March 18 @ 7:00 pm - 8:30 pm MST

CHOOSE HOW YOU WILL ATTEND Join us in person at the University of Arizona Environmental Resources Bldg. # 2  Room 107, Agnese Nelms Haury Lecture Hall, 1064 E Lowell St, Tucson, AZ 85719  No registration is required 

Parking is easy! The 6th Street Parking Garage is right next to ENR2 on the east. There is also a surface lot just across 6th Street from ENR2.

Join By Zoom Registration is Required  – link coming soon

In October 2023, six Diné weavers traveled to Washington, D.C. for a week to study historic and contemporary Navajo textiles at the National Museum of the American Indian, National Museum of Natural History, and The Textile Museum. Led and organized by master weavers and educators Barbara Teller Ornelas and Lynda Teller Pete, the seminar group also included emerging artists Kevin Aspaas, Calandra Cook, Elisio Curley, and TahNibaa Naataanii. Sponsored by the AAHS Traditional Technologies program, the seminar’s goals were to learn more about the yarns, dyes, and techniques used to create the older weavings, experience the artistry and resiliency of their weaving ancestors, create opportunities for artistic growth, and expand Diné perspectives in Navajo weaving education, interpretation, and scholarship.

In this in-person presentation, the participants will share their experiences from the seminar with the AAHS membership. They will also share examples of their weavings inspired by the research.  

AAHS Traditional Technologies Navajo Weaving Seminar group outside of the National Museum of the American Indian. Front row: Lynda Teller Pete and Barbara Teller Ornelas. Back row: TahNibaa Naataanii, Kevin Aspaas, Eliseo Curley, and Calandra Cook.

About the Presenters:

Barbara Teller Ornelas is a fifth-generation master Navajo/Diné tapestry weaver. Raised in the Two Grey Hills Trading Post on the Navajo Nation, her highly sought work can be found in numerous museums. She and her sister Lynda have authored two books on Navajo weaving. Barbara resides in Tucson, AZ.

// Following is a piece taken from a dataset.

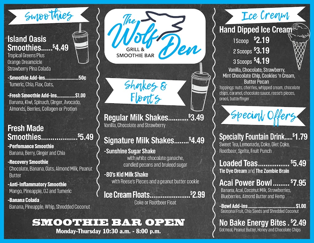 You can review this Business and help others by leaving a comment. If you want to share your thoughts about The Wolf Den Grill and Smoothie Bar, use the form below and your opinion, advice or comment will appear in this space.

Lynda Teller Pete is an artist, weaver, teacher, educator, writer, activist, and culture bearer. Originally from the Two Grey Hills-Newcomb area, she collaborates with fiber art centers, museums, universities, and other venues to educate the public about Navajo history and weaving. She lives in Denver, CO. 

Kevin Aspaas is a young Diné weaver and fiber artist from Shiprock, NM. Best known for producing the old-style Navajo wedge-weave technique, he also weaves other Navajo traditional and contemporary styles. 

Calandra Cook is a Navajo textile artist and architect who lives and works in Mesa, AZ. She is renowned for her masterful use of dyes and her rendering of birds in pictorial weavings.  

Elisio Curley is a Diné sheep rancher, weaver, moccasin maker, traditional farmer, and educator from Shiprock, NM. He raises his own Navajo-Churro sheep.  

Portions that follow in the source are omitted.